Zombie’s latest is ’31’ flavors of terrible – Movie Review

31

31
Written & Directed by Rob Zombie
USA, 2016

Watching Rob Zombie’s latest horror film, 31, is only slightly more pleasurable than rubbing your eyes with sandpaper. As if edited inside of a strobe light, Zombie’s seizure-inducing style still can’t hide the complete absence of substance. The kills are uninspired, the acting is stilted, and there’s not a single ounce of tension to be found. The entire affair feels torn from the last page of Zombie’s idea notebook. A thoroughly dispensable gore-fest that’s completely bereft of scares.

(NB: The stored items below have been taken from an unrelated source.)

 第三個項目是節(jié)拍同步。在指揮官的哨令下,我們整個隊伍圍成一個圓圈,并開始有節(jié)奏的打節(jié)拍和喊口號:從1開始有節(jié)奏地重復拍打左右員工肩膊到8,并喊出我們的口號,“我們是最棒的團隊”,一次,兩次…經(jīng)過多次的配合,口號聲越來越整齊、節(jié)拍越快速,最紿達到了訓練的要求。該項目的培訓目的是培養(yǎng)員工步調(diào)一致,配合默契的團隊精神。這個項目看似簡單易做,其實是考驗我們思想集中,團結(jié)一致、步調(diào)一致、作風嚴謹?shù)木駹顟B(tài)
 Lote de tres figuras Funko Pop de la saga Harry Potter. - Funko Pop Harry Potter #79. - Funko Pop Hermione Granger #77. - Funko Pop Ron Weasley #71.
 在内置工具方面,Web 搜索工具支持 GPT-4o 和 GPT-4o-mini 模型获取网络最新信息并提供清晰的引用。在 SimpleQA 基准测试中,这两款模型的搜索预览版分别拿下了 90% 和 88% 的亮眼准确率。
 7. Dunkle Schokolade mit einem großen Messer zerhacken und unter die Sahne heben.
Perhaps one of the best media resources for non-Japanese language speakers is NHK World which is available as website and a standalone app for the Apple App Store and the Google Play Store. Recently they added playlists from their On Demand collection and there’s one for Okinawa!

Imagine yourself trapped in an RV full of circus freaks who communicate only through tired sexual innuendo and pointless obscenity. Now imagine that those are the only heroes in a world populated by grotesque, psychopathic rapists and murders. It’s like rooting for a group of pedophilic demons to overthrow Satan. In fact, the only mildly interesting character is an arch-villain named Doom-Head (Richard Brake), who bores his victims into a stupor with ridiculous babble before finally dissecting them with knives.

The traveling circus freaks are a dude who looks like Lemmy (Jeff Daniel Phillips), a grandmother from Hell (Meg Foster), a guy with a hilariously over-the-top Jamaican accent (Lawrence Hilton-Jacobs burning his Welcome Back, Kotter karma), and Sheri Moon Zombie (as Sheri Moon Zombie). It’s Halloween day and they’re going somewhere to perform some act that no human being with a functioning frontal lobe would wish to see. Along the way, they get kidnapped by Malcolm McDowell dressed as a dandy, who makes them play a game called ’31.’ Much like soccer, the rules of 31 are frustratingly vague. The participants must survive a gauntlet of crazed murderers for 12 hours. Their reward for survival is… undetermined; no one has ever survived. How terribly sinister!

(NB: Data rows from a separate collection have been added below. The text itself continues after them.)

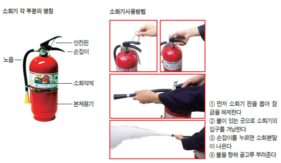 급할 때는 나도 소화관! 화재 발생 초기 단계에서 가장 큰 역할을 하는 것이 바로 소화기이다. 초기 진압 상황에서는 소방차만큼이나 큰 역할을 하기 때문에 그 중요성은 더할 나위 없다. 요즘은 일반 가정이나 차량에 소화기를 비치해 놓는 사람이 증가하는 추세이고 점포나 아파트는 소화기 비치가 의무화되어 있다. 하지만 소화기가 있어도 그 사용법을 모르면 막상 화재가 발생하였을 때 그야말로 ‘강 건너 불구경’을 하게 되는 경우도 발생한다. 또한 화재의 4분의 1은 가정에서 발생하며 주방에서 요리를 하거나 다리미를 켜두거나 전기장판이 과열되는 등 화재는 생각지 못한 일상에서 발생되므로 혹시 모를 화재에 대비해 소화기 한 대 정도는 비치해두는 것이 좋다. 일반 가정에서는 ABC분말 소화기를 사용한다. 이 소화기는 A(일반화재), B(유류화재), C(전기화재) 3가지 화재에 적합하도록 만들어졌다. 종이나 목재에서부터 기름과 전기에 이르기까지 가정에서 발생하는 대부분의 화재에 사용할 수 있다.
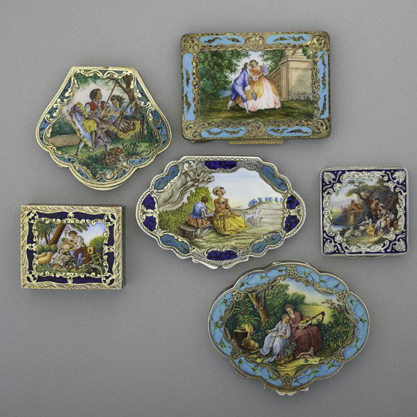 SIX CONTINENTAL ENAMELED SILVER COMPACTS
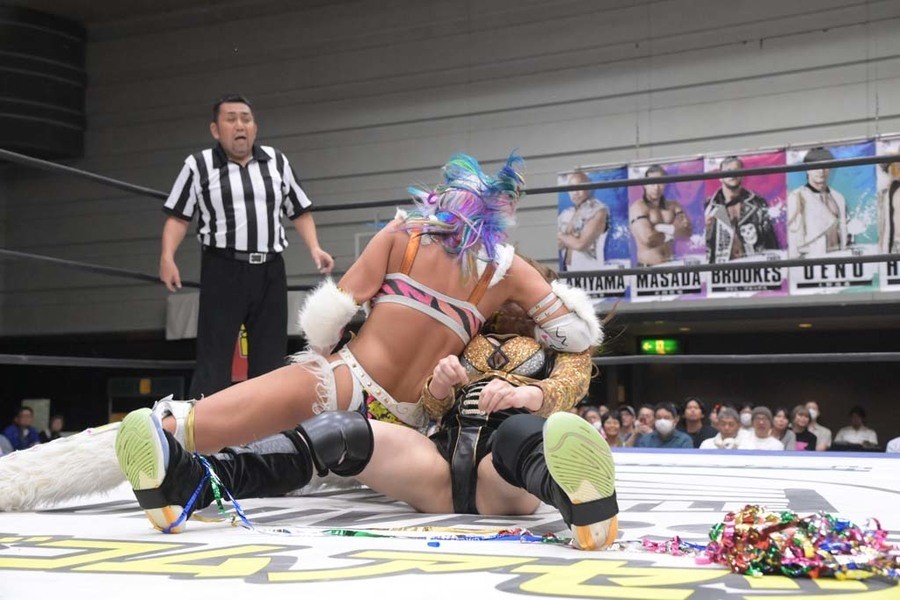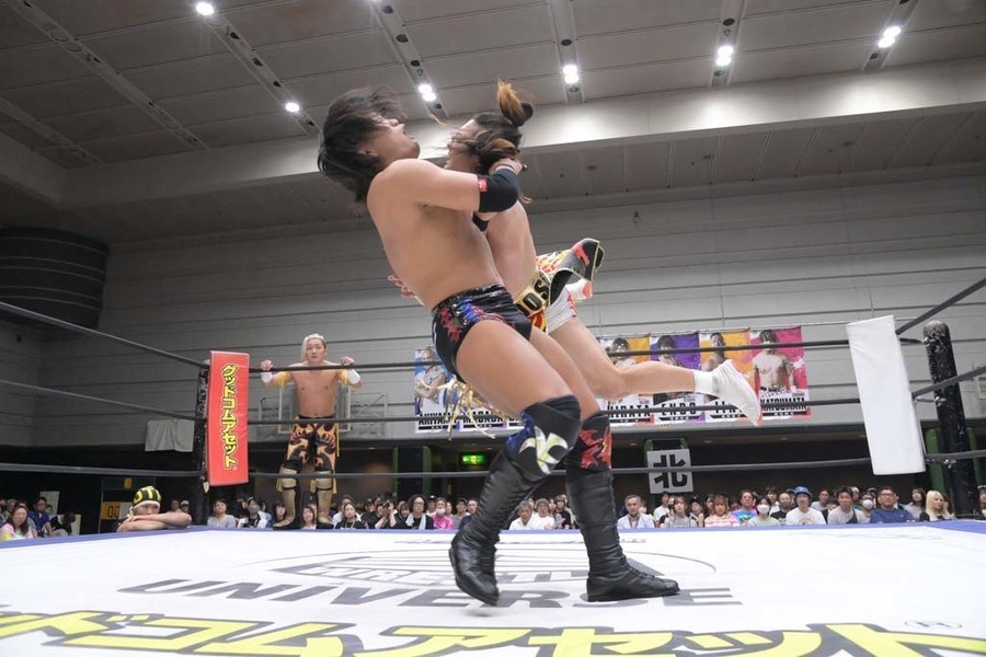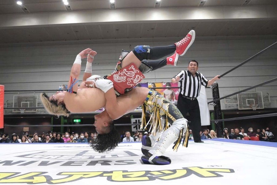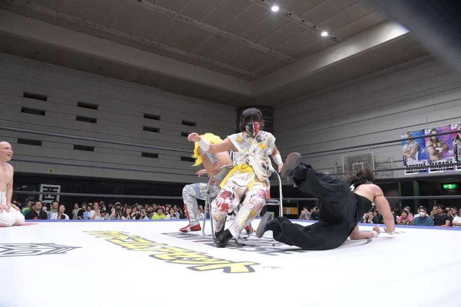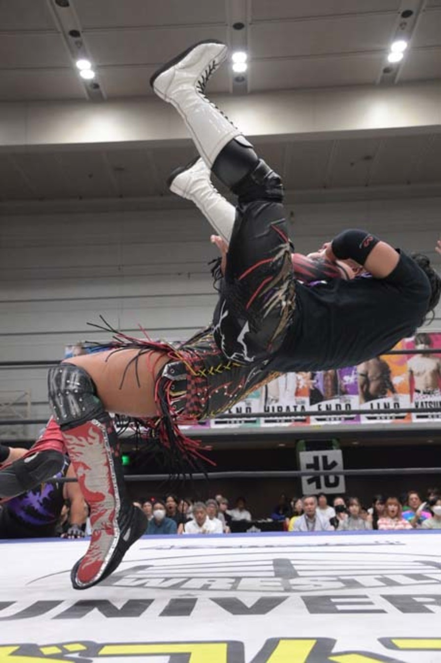 また、セミファイナル(上野勇希&秋山準vsHARASHIMA&平田一喜)終了後、「いつでもどこでも挑戦権」を保持するKANONが上野の前に立つも、「まだ俺が求めてる最低で最悪な状態じゃない。ボロボロの状態で使わせてもらう」と、この日の行使は回避した。須見和馬の保持していた「いつどこ」は高鹿佑也に移動。「使いたいベルトも決まってるので、ここぞというタイミングで行使して、ベルトに近付きたい」(高鹿)。
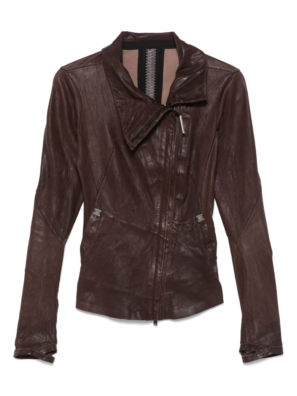Prudente Neo leather jacket Highlights - Chocolate brown - Front zip fastening - Two side welt pockets - Thumb slots - Decorative zip detailing Made in France Composition Lamb Skin 100% SIZE & FIT Model measurements Height 5 ft 9 in(1.75 m) Bust/Chest 34.64 in(88 cm) Hips 36.61 in(93 cm) Waist 26.37 in(67 cm) FittingInformation Designed for a close fit throughout Firm leather offering little flexibility to maintain its durability and sturdiness
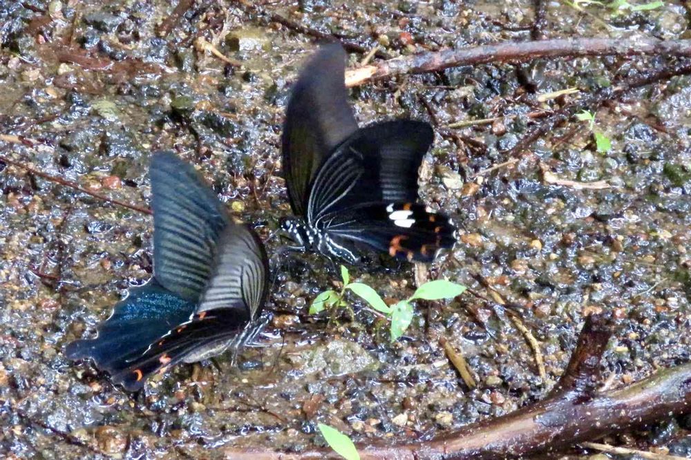 宮崎県の湧水池の辺り、代わる代わるアゲハ蝶の雄が吸水に訪れています˗ˋˏ♡ ˎˊ˗

The murderers are generic in every way, save some distinguishing physical trait. Sick-Head (Pancho Moler) is an angry little person who speaks Spanglish and cackles like a witch. Psycho-Head (Lew Temple) and Schizo-Head (David Ury) are bearded freaks who wield chainsaws and enjoy fornicating with wounds and vacant eye sockets. There are other lunatics afoot, but they aren’t worth mentioning. Indeed, none of this is worth mentioning. 31 is sans mentionables.

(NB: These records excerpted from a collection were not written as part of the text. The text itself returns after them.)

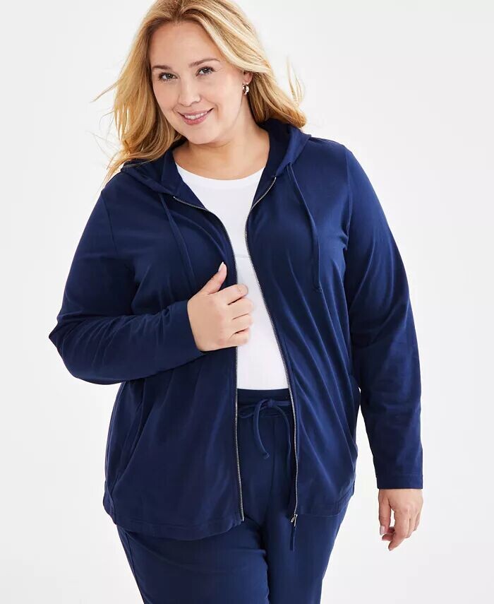 Толстовка больших размеров на молнии с капюшоном Style & Co, синий
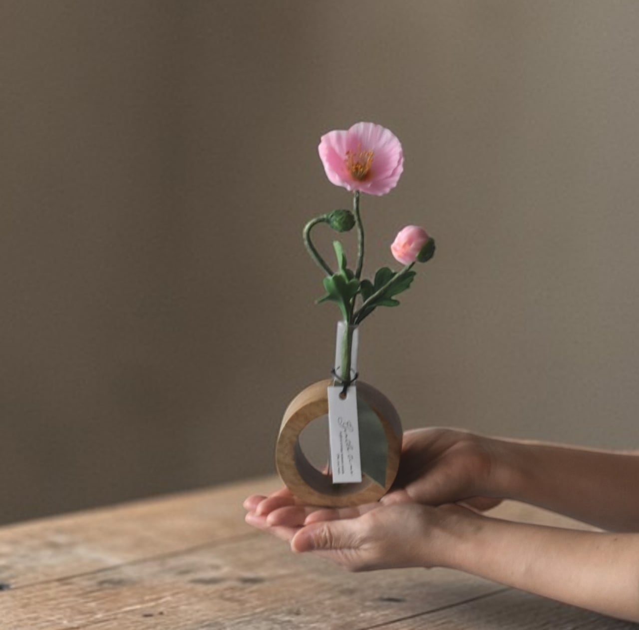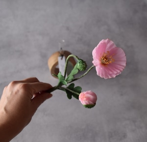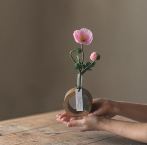 ◆ポピーの クレイフラワー|切り株ベース|枯れない花・インテリア・ギフトP1434
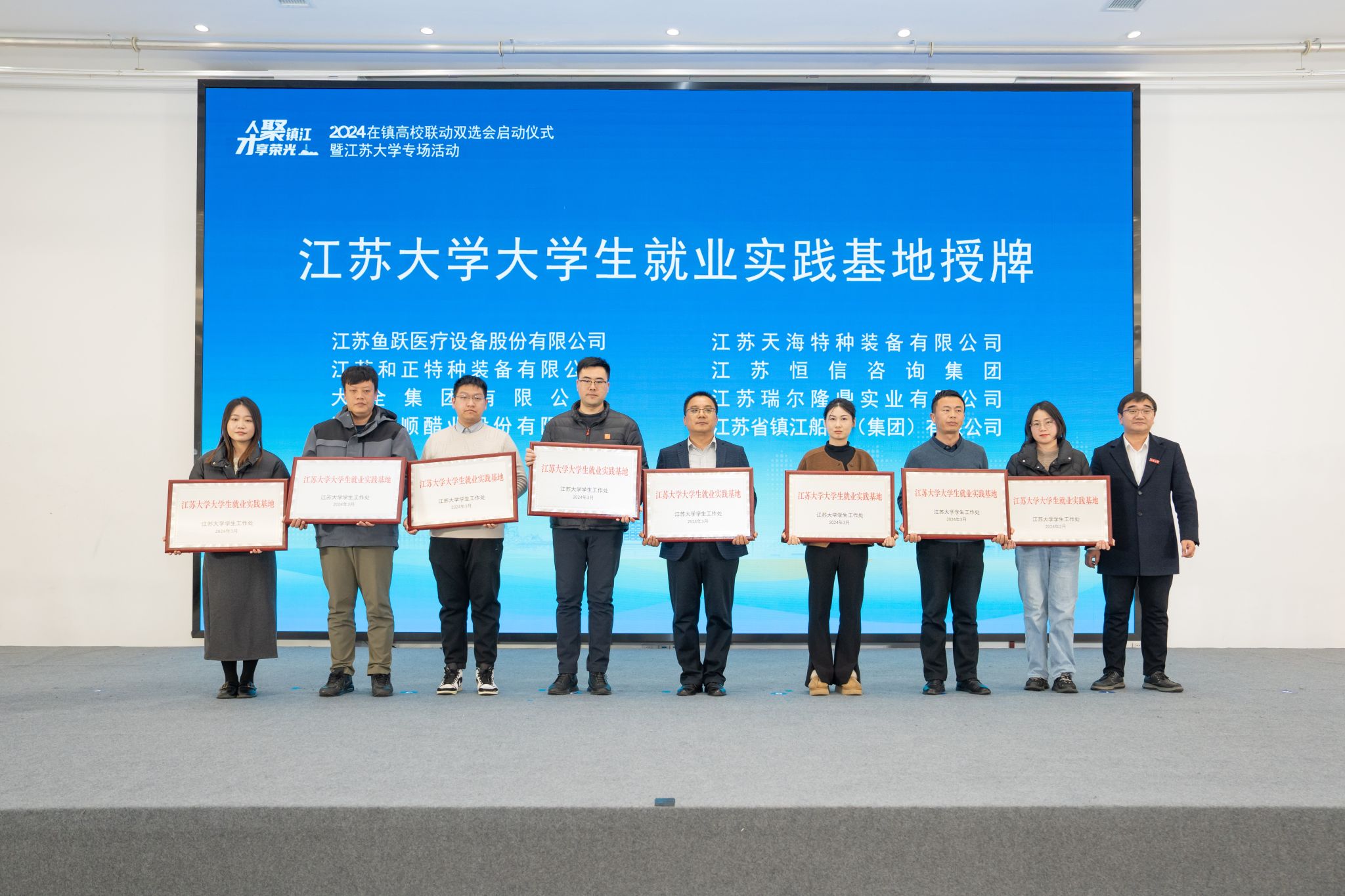 学校与镇江市进行了“镇江市优秀高校人才工作站”揭牌、“大学生就业实践基地”授牌等仪式,并正式启动2024在镇高校联动双选会,持续扩大政校企三方合作的覆盖面与影响力。

Zombie is known for his distinctive visual style, even amidst his puerile stories and despicable characters. Here, it feels like he’s trying to stage The Running Man inside of Pee Wee’s Playhouse. You guess the premise pretty quickly; moronic characters will move from room to room before meeting their inevitable demise. Sadly, Zombie doesn’t even attempt to give these rooms their own personality. Each room feels like the same hostel basement after a street festival hosted in a city with no indoor plumbing.

It can’t be understated how incredibly ugly this film is, both with its visuals and editing. One scene, in particular, has such an abrasive stroboscopic effect that it will actually make your eyes ache and water involuntarily. Zombie certainly wouldn’t be the first filmmaker to experiment with aversive stimuli, but the least he can do is warn people who might have epilepsy or seizure disorders. Besides, he doesn’t need cheap parlor tricks to make his film coarser than it already is.

It’s hard to criticize the actors for being terrible, as an entire class of savants at the The Actor’s Studio couldn’t save this dialogue. One does not expect something profound from a Zombie film, but the sheer hatefulness and violent sexism directed towards the female characters is still unsettling. Rape jokes and debasement abound, as each psychopath promises a heinous violation before the final coup de grâce. Malcolm McDowell seems to be having fun, stalking about in his make-up and powdered wig, but he’s not particularly menacing or interesting. No one is particularly menacing or interesting.

Perhaps there are hardcore Rob Zombie fans that will find something entertaining in 31. For everyone else, however, it would take James Cameron and his deep-sea submarine to find something salvageable in this wreck. This is generic horror at its absolute worst, with boring “heroes” and generic villains moping around unimaginative settings as if searching for a reason to care. It isn’t just bad, it’s embarrassingly lazy. Zombie can be an interesting filmmaker and he has a unique visual eye, but 31 is an Apollo-sized step backward for him.